• _Data section_:
^^^^^^^^

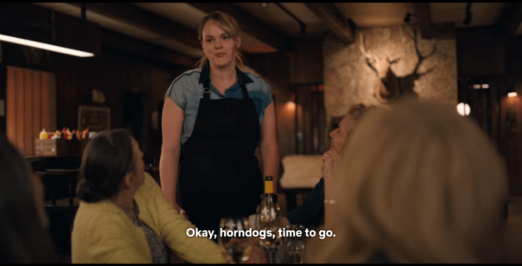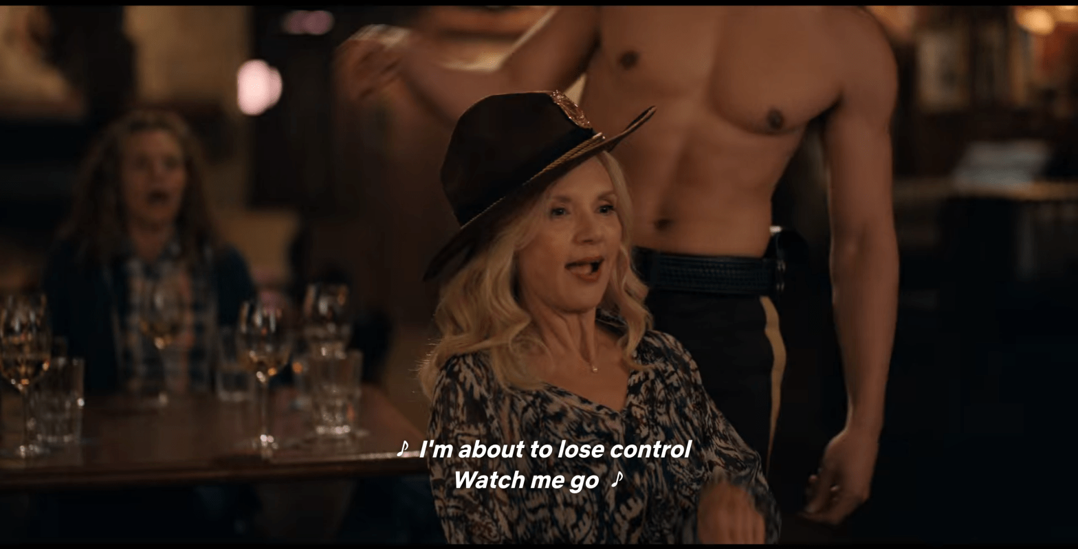 Anyway, because “drunk” Brie and “drunk” Kaia “forgot” to cancel, a “stripper” walks into the bar. And without any hesitation, the sewing circle volunteers to accept this incredible performance.
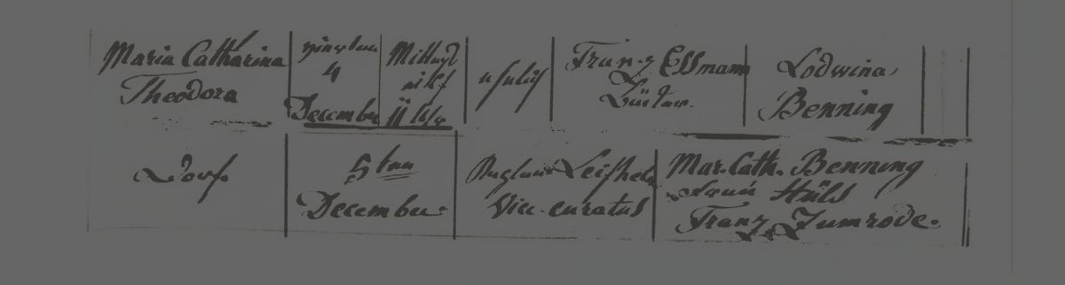Franz Essmann (* 30.05.1820), der „Bäcker im Dorfe“ Altenberge, heiratet Lodwina Benning. Sie eröffnen in ihrem Haus in Nordwalde, zentral neben der Kirche, eine Bäckerei mit kleinem Kolonialwarenladen und haben sich damit den Traum von Selbständigkeit erfüllt.
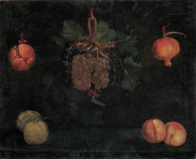 | Natura morta con grappolo d’uva, cipolla, melagrana, pesche e mele | |

^^^^^^^^

Only the pictures stay behind; everything else in the data above is to be retyped exactly.

 Anyway, because “drunk” Brie and “drunk” Kaia “forgot” to cancel, a “stripper” walks into the bar. And without any hesitation, the sewing circle volunteers to accept this incredible performance.
Franz Essmann (* 30.05.1820), der „Bäcker im Dorfe“ Altenberge, heiratet Lodwina Benning. Sie eröffnen in ihrem Haus in Nordwalde, zentral neben der Kirche, eine Bäckerei mit kleinem Kolonialwarenladen und haben sich damit den Traum von Selbständigkeit erfüllt.
 | Natura morta con grappolo d’uva, cipolla, melagrana, pesche e mele | |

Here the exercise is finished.